::: Data

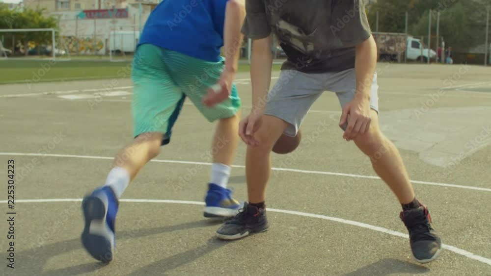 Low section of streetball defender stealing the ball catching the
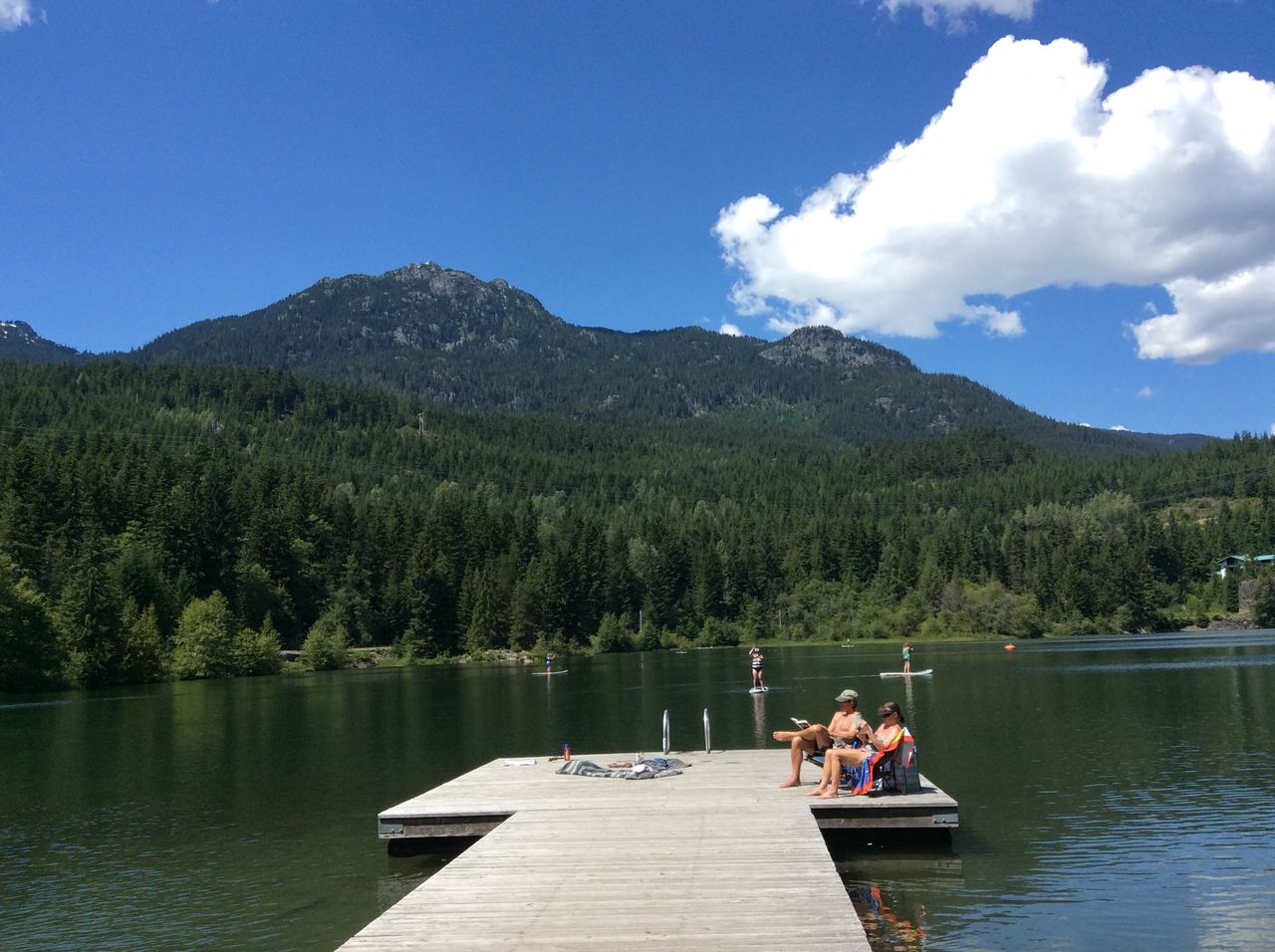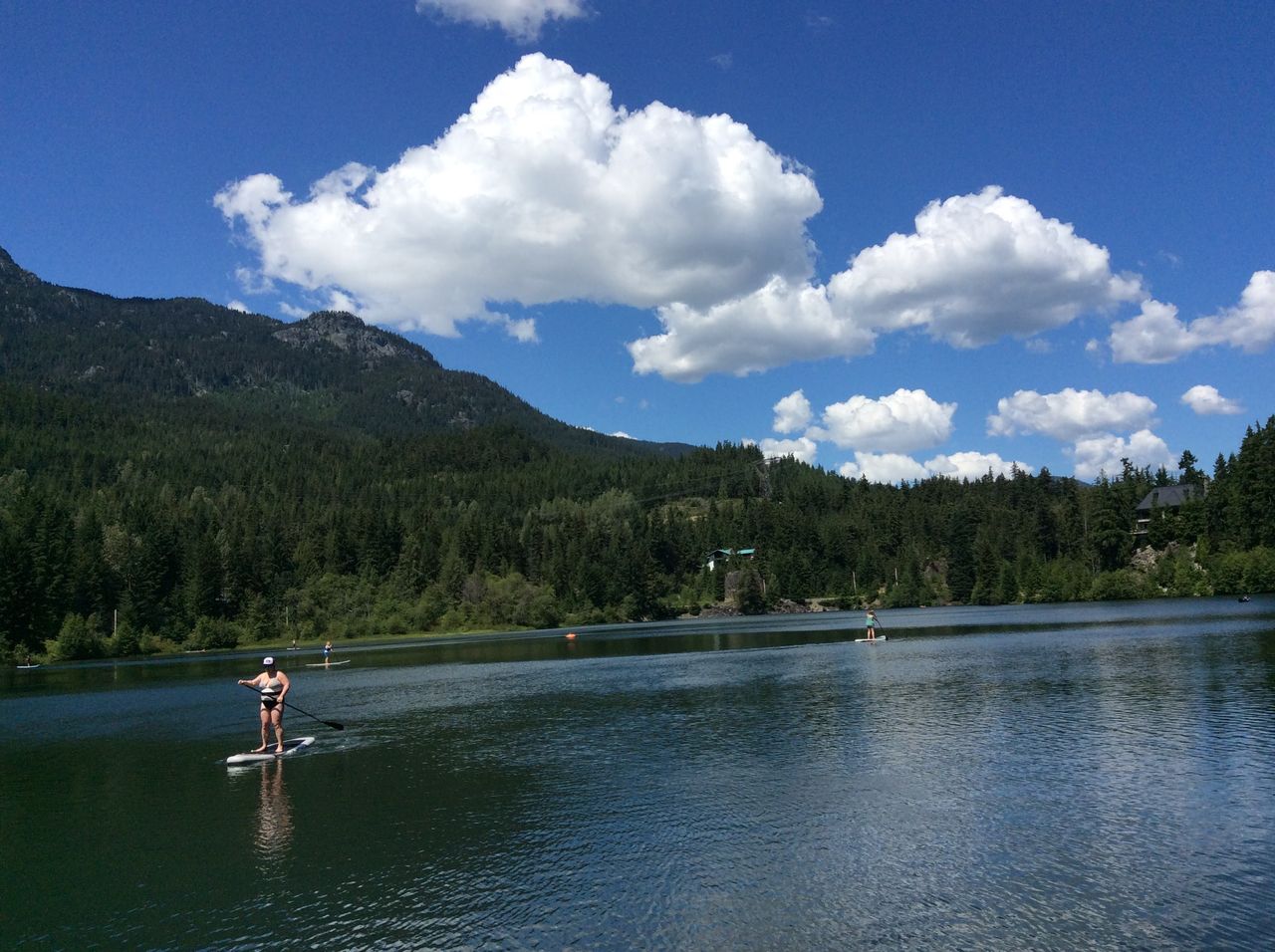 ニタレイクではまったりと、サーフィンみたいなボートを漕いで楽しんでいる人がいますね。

::::::
::: Data

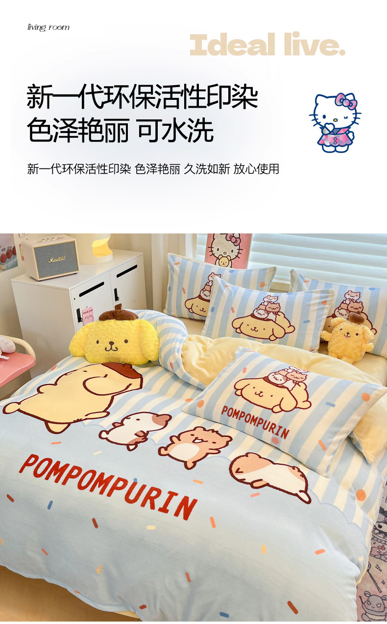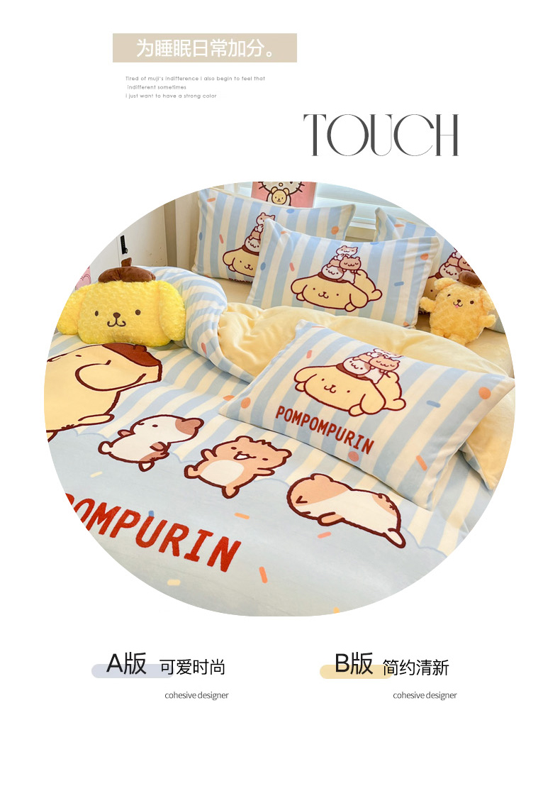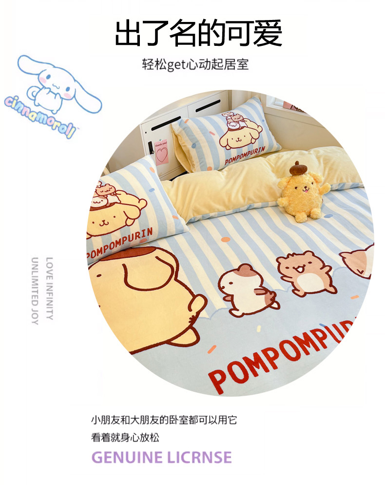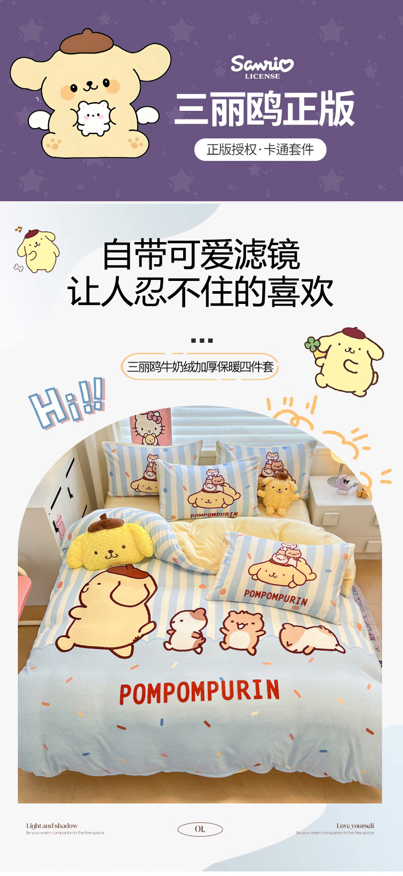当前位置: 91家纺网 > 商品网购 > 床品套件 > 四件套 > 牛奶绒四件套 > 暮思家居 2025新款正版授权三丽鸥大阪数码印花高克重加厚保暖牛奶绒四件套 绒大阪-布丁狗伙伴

::::::
::: Data

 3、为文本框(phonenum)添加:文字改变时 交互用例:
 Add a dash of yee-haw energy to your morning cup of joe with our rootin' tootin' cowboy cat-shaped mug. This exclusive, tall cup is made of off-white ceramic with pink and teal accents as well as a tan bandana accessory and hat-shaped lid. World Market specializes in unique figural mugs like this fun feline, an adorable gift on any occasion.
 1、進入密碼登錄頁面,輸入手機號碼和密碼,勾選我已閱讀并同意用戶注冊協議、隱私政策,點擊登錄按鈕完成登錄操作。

::::::

§ **What you should do**:
Starting at the line that contains "Low section of" and ending at the line that contains "ニタレイクではまったりと、サ", transcribe the material above exactly, excluding pictures.

§ **Exercise output**:
 Low section of streetball defender stealing the ball catching the
 ニタレイクではまったりと、サーフィンみたいなボートを漕いで楽しんでいる人がいますね。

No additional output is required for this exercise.